With this sequel to At the Earth’s Core, Edgar Rice Burroughs brings us back to the hollow Earth for the further adventures of David Innes and friends. Though there are further books set in Pellucidar, the first two novels work together to create one complete story. By the end of this book, David’s tale could easily be complete.
There’s more world building and exploration in this one. David is forced to travel far and wide, meeting lots of new people and facing new monsters. Of course, he’s still trying to get hold of Dian the Beautiful, and the circumstances that keep them apart continue to stretch credibility more than anything in the fantastical world. I kept being reminded of when I watched the first couple seasons of the TV series 24 where after Jack’s daughter was kidnapped for the second time in a day and his wife got amnesia, I felt things were getting perhaps a touch ridiculous.
It isn’t hyperbole to call this Imperialist Fantasy. The characters literally talk about how superior they are to the people they’ve met, how they are duty bound to bring the natives “civilization,” and how only David has what it takes to be their leader. This sort of thing is often done in adventure books of the era, but I haven’t often seen it so explicitly stated. There’s no subtlety. David will bring them guns and government…but of course, he’ll do it right. Not like those jerks from the surface world.
I enjoyed a lot about this second book, if for no other reason than it was a bit less formulaic than the first. Burroughs knew how to start an adventure series, and in a lot of ways, he did it the same way each time. The first book of John Carter, Carson Napier, David Innes, and the unnamed narrator from Beyond the Farthest Star all hit familiar notes. American guy is doing something else, some outlandish accident happens, he finds himself in a strange world. There are monsters and villains, new friends, and a beautiful woman who instantly falls in love with him (and he with her). Through superior strength and some cleverness, he triumphs, but something keeps him away from the girl…leading to the next book. Book two is where things tend to get more interesting and varied.

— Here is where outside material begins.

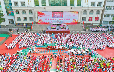 国庆假期,湖北省南漳县实验中学师生齐唱红歌。 |

It really seems like Burroughs was planning to call it a day on this series. The ending of the book definitely feels like an ending. I laughingly thought of the end of The Lord of the Rings, where the climax happens, but the book keeps going and going. The wind-down goes on for a while, making things feel pretty solidly wrapped up by the end. I’m not sure when I’ll get around to reading whatever the next book set in Pellucidar will be. Is it the Tarzan one? I don’t know. One of these days.